Alors qu'une autre commande comme "dir" fonctionne correctement (et est, comme "tree" spécifique à Windows)

Quelqu'un a-t-il déjà utilisé smbclient pour quelque chose de simillaire ? (ou bien si vous avez tout simplement des propositions pour réaliser ce que je veux  :Smile:  )

Merci d'avanceLast edited by Shadoweb on Thu Sep 09, 2010 12:13 pm; edited 2 times in total

----------

## Picani

C'est peut-être une connerie, mais si la machine Windows a PowerShell d'installé elle peut utiliser les commandes Posix. Par contre, je ne connais pas la commande Posix correspondante pour ton problème ...

----------

## Shadoweb

Le soucis, c'est que je dois réaliser le script sous linux, et que je n'ai droit qu'à la commande smbclient pour lire sur le serveur windows (sauf si j'ai envi d'installer ce qu'il faut pour monter le partage sur ma linux, mais je crois que quand j'avais regardé pour cela, il fallait installer smbfs et donc recompiler le noyau pour prise en charge, donc pas trop envi ! )

Je viens de trouver la liste des commandes utilisables via smbclient (seulement maintenant xD) mais je ne trouve pas beaucoup de liens qui expliquent ce qu'ils permettent de faire =/

EDIT : en fait le man les expliquent xD (il faut vraiment que j'apprenne à lire les docs jusqu'au bout ! )
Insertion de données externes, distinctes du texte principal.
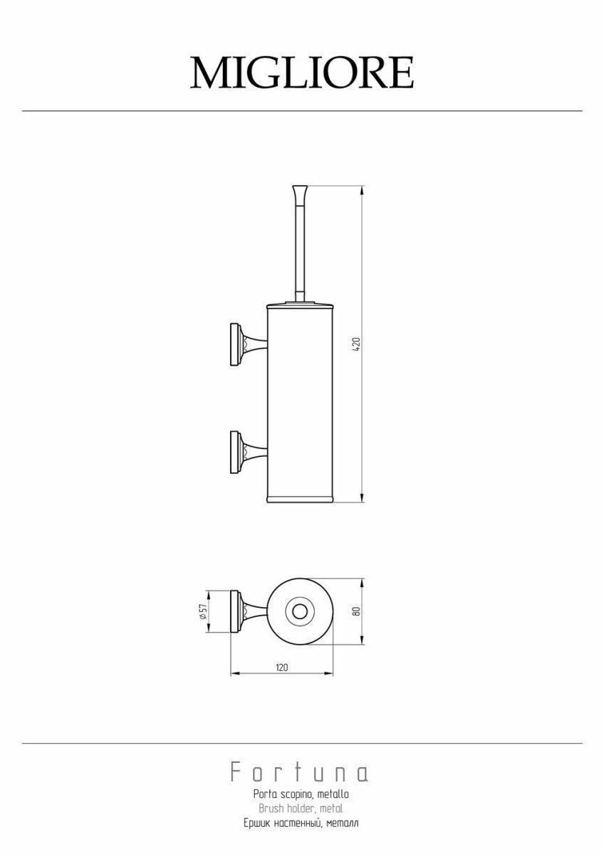 Настенный ершик серии FORTUNA бренда MIGLIORE   - это функциональный аксессуар для ванной комнаты. Внутри латунной колбы вставлена пластиковая колба, которую можно вынуть, чтобы помыть. Ерш вешается на стену и не мешает при уборке пола. Изделие выполнено из латуни и имеет высококачественное хромо-никелиевое покрытие, которое при правильном уходе надолго сохранит  свой блеск. Рекомендуется использовать чистящее средство бренда MIGLIORE для смесителей и аксессуаров с хромированным покрытием.

Ceci-dit, cela ne m'aide pas vraiment plus =/

----------

## versus8

Est-ce que tu as le droit d'utiliser ça ? ^^

Et ce n'est pas la doc qui manque  :Wink: 

Par contre, tu devrais mettre le titre de ton post en conformité aux règles d'usage. La plupart des posts se basent sur ce format :

[THEME] description (état)

Ca facilite la lecture et la recherche   :Very Happy: 

----------

## loopx

Je ne pense pas que tu aura la commande "tree" via smbclient ... C'est un peu comme l'invite commande de "ftp" ... tu as "dir" et "ls" .. mais elles n'ont rien avoir avec les commandes du système... 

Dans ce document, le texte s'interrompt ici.